Il est également cousin du maire de Clermont-Ferrand, Serge Godard.

Ceci pour la séquence « people » !

 

 Après une scolarité à Nyon, en Suisse, puis à Paris au lycée Buffon.

 

Il s'inscrit à la Sorbonne en 1946 et y obtient une maîtrise en Ethnologie  en 49.

Il commence à fréquenter assidument le « ciné-club » et les cinémas du Quartier latin de Paris. C'est à cette époque qu'il rencontre André Bazin , François Truffaut, Jacques Rivette et Eric Rohmer avec qui il fonde "la Gazette du cinéma".

Lorsque André Bazin fonde les Cahiers du cinéma en 1951, Godard, Rivette et Rohmer sont parmi les premiers à y écrire. Jean-Luc Godard y signe soit de son propre nom, soit sous le pseudo de Hans Lucas (Jean-Luc en allemand).

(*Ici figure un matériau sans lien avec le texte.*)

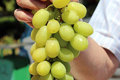 - 聖書にも紹介されていると言われている伝説の巨大房ぶどうです。 果房重3~5Kg、長さが最大1mにも達する大房の品種です。果肉がしっかりした卵形中粒。世界のぶどう約8000種の中で最大果房と言われ、1房約10kgの記録があると伝えられる伝説の品種。 果皮は黄緑色で、とても強健で育てやすく、初心者の方にもおすすめです。 鑑賞用品種としても人気で、観光ぶどう園のアイキャッチとしても栽培されています。(房を大きくする場合は、棚づくりにして大きい房を残して摘果し、樹が房の重さに耐えられるようしっかり支える必要があります) 通常の棚づくりの育て方でも房長が30センチから40センチにもなります。

Comme beaucoup des critiques des Cahiers du cinéma, Jean-Luc Godard commence à s'intéresser à la réalisation. Son premier film, Opération béton (1954), est un documentaire, un court métrage.

 

En 1958, il tourne Charlotte et son Jules (dédié à Jean Cocteau). Toujours en 1958 François Truffaut tourne pendant une véritable inondation Une histoire d'eau, mais se retrouve avec des rushes qu'il juge inutilisables. Jean-Luc Godard les récupère et fait un montage sur lequel il ajoute un commentaire en voix-off. Il continue parallèlement son travail critique aux Cahiers du cinéma et devient une figure clef de la Nouvelle Vague.



La Nouvelle Vague

 

La Nouvelle Vague est un mouvement cinématographique apparu en France à la fin des années 1950.

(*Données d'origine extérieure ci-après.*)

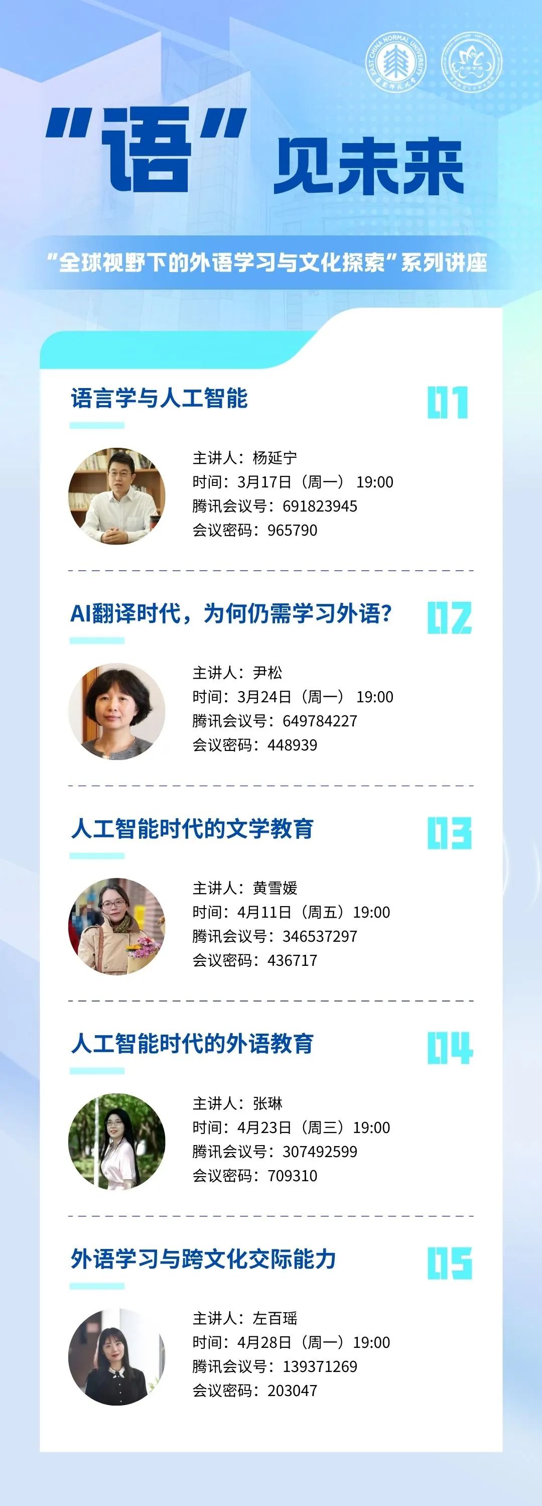 4月23日晚,“语”见未来——全球视野下的外语学习与文化探索系列讲座2025年第四讲在腾讯会议上如期举行。英语系张琳副教授应邀围绕“人工智能时代的外语教育”展开讲座。来自全国各地的中学生及北京大学、武汉大学、山东大学、河南大学等高校师生100余人在线聆听了本场讲座。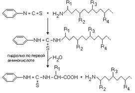 К раствору белка добавляют реактив Эдмона, содержащий фенилизотиоцианат.

Le terme apparaît sous la plume de Françoise Giroud dans L'Express du 3 octobre 1957, dans une enquête sociologique sur les phénomènes de génération.

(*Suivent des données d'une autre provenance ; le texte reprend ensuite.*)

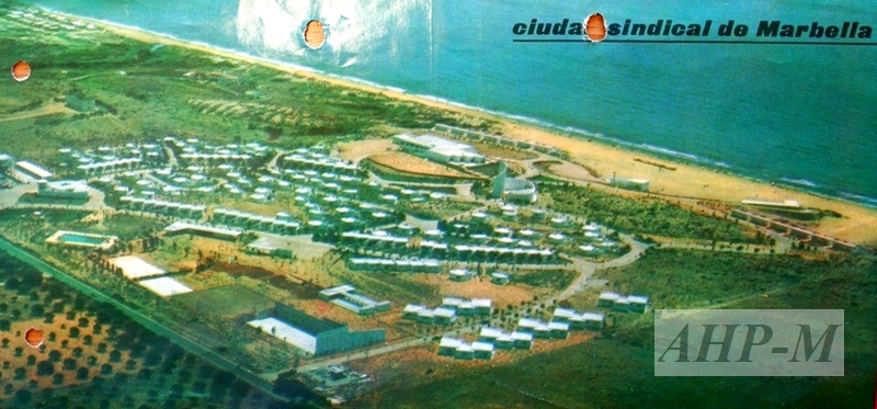[1960-1970]. Marbella. Archivo Histórico Provincial de Málaga. Organización Sindical. AISS. Sig. 28.822. Ciudad Sindical de Marbella, adscrita a la Obra Sindical de Educación y Descanso y dedicada al turismo y vacaciones de los empleados de la Organización Sindical y A.I.S.S. (Administración Institucional de Servicios Socioprofesionales). Reproducción en cuatricromía; offset; recortada posiblemente de una página de revista o folleto publicitario; 26 x 12,5 cm. JAV.

La Nouvelle Vague s'inscrit dans le contexte historique de l'époque et traduit les mouvements de société : début des Trente Glorieuses, des révoltes étudiantes, guerre d'Algérie, Mouvement de libération des femmes. La Nouvelle Vague ne se limite pas à un nouveau genre cinématographique, mais, par le vent de liberté qu'elle apporte et tout ce qu'elle sait représenter, propose l'instantané d'une époque.



Revenons à Godard

 

Il est tout à la fois scénariste, dialoguiste, acteur, monteur, producteur que écrivain, critique et théoricien du cinéma.

 

Il faut attendre 1959, pour que le producteur Georges de Beauregard mise sur son premier long métrage : À bout de souffle  avec Jean-Paul Belmondo et Jean Seberg et, dans une apparition furtive, mais remarquée, Jean-Pierre Melville. il obtient le Prix Jean Vigo en 1960.

 

Personne n’avait été préparé à ça. Tout semblait avoir été vu et prévu, mais pas ça… Et les sorties quelque temps plus tôt des films de Vadim (Et dieu créa..la femme) ou de Rouch (jaguar), bien qu’exceptionnelles, n’avaient en rien préparé les spectateurs à subir ce qu’ils allaient voir en entrant dans les salles projetant le premier film d’un jeune chien enragé.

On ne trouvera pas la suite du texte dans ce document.